16 August, 2009

Festival Blogger review - Diaspora

The concept of Diaspora is one which is particularly poignant for the Celts. Ask the McTaggarts of Dunedin, the MacKenzies of Saskatchewan or the O’Reillys of Boston. The arrival of Ong Ken Sen’s piece at the Festival in the year of Homecoming Scotland is an opportunity for one of the world’s most widely scattered races to explore the experiences of other peoples who have left old homelands and settled in new.

Singapore, where TheatreWorks hail from, is a country founded, as Steve Cramer reminds us in his excellent programme notes, “…founded almost exclusively on the concept of diaspora…”. When Sir Stamford Raffles arrived there in 1819 he found an island populated by a few Malay families and some Chinese traders. The thriving, bustling, energetic country of 4 milllion which today is the busiest harbour in the world is populated almost exclusively by the descendents of immigrants. Ong spent three years researching this piece, visiting ten countries and interviewing legions of ordinary people, as well as collaborating with a range of artists from diasporic backgrounds. Their stories form the basis of this piece.

Ong has brought together the sort of cultural big-hitters we are used to expecting on the international festival circuit. The CVs in the programme reveal a creative team of immense experience around that circuit, and certainly the piece shows all the strengths of its international pedigree. I didn’t look at the programme until after the show, and actually commented to my wife that the closest thing I had seen to what we were watching was a piece by Chinese composer Tan Dun, Revolution, which I had seen at the Huddesfield Contemporary Music festival in the 90s. Lo and behold, there in the progamme I find that two of the music pieces had been composed by Tan Dun. The video work by Choi Ka Fai and others is some of the best I have seen, and the stories of a range of individuals, told by four actors, are riveting in their insights.

Having said all of that, and the piece was really good, and I am really glad I saw it, it was also frustrating. The very scale of the piece, which will undoubtedly make it extremely well received around the festival circuit, militated against a genuine engagement with the very personal stories. We see the actors, telling the stories, replicated on four huge screens at the back of the stage, in black and white, with headset microphones next to their faces. There are all sorts of practical reasons for this. The orchestra playing flat out for one, the sheer size of the Playhouse for another. At the same time we see the actors, lit, sideways on at the sides of the stage, speaking to an offstage camera. Why? We see the mediated images dominating everything, the real person remote from us. I should say, as well, that the whole stage is behind a gauze, on which projections are being screened. The real people are remote from us, just when we most want to engage with them as people. This is one of the perennial problems of multi-media work – how do you stop the mediated images swamping the live performers?

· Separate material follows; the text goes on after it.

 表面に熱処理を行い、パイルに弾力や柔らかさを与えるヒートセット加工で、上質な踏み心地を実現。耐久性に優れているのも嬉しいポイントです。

The music was ravishing. The orchestra, under Tsung Yeh, were marvellous. The video work was fantastic. A couple of sections particularly stood out for me. The first half ended with a funny, clever, delightful Bollywood music video by Navin Rawanchaikul, about his journey to India to seek for people with the same name as him. In the second half the section with Scottish artist Rabiya Choudhry was riveting. One of the reasons that it was so powerful, I have to say, is because she was sitting on the stage drawing on a screen as we listened to her voice. Watching a real person, NOT behind a gauze, was a welcome bonus. I, and several others, both those who accompanied me and other members of the audience I over heard at the end, found ourselves craning to see over her shoulder to the actual drawing, rather than looking at the huge projection of the drawing onto the front gauze.

There were memorable images throughout the piece. Simple, eloquent moments when an actor, seen in silhouette, would walk across the platform in front of the huge screens. The image of a group of people walking into the sea, to be eventually picked up by boats, an image which resonated powerfully with forgotten memories of the Vietnamese Boat People all those years ago. The music suffused with the kind of duende that Celtic music is filled with, that is also found in Flamenco, another diasporic tradition aching with a longing for home.

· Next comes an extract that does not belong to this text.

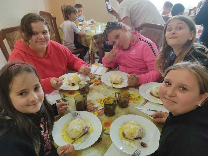 Posíláme veselý pozdrav všem z našeho ozdravného pobytu. Bydlíme v malém penzionu, kde skvěle vaří! S plnými bříšky chodíme na dlouhé vycházky nebo si hrajeme na sportovním hřišti. Dnes s námi šli z vycházky dva psi. Pojmenovali jsme je Maxík 1 a Maxík 2, doprovodili nás až k penzionu, pak zvesela odběhli. Počasí nám zatím přeje a moc se nám tady líbí.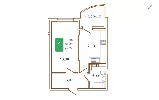 | Площадь, кв.м. | 42.2 |

The piece is powerful, no doubt. It is filled with the authentic voices of the people who have migrated throughout the countries of South East Asia: Indonesia, Thailand, Vietnam, India, China, Malaysia, and Singapore more than anywhere else combines all of those traditions into a culture which values and respects those traditions. Those who read my blog during the Singapore Arts Festival will recall the court case where some religious fundamentalists were jailed for sending inflammatory religious tracts to people of other religions. The judge, in sentencing them, said that their actions struck at the very heart of Singaporean society, which is based on respect for diversity. Diaspora is not only about loss, it is also about opportunity, new beginnings, and the chance to turn away from the mistakes and hatreds of the past and make a fresh beginning. Ask our sheepstealing descendents who regularly thrash us in sporting events. Ask the people of the thriving country of Singapore.

Perhaps the most moving question of all that the piece poses is “where would you like your remains to be when you die?”. The ways that the people interviewed answered this are moving. It sent me, a Celt who lives in England, out into the night examining the depths of my own heart.

A fascinating piece. The sort of piece that only a Festival like Edinburgh can really bring to this country. I just wish we could have been closer to the people.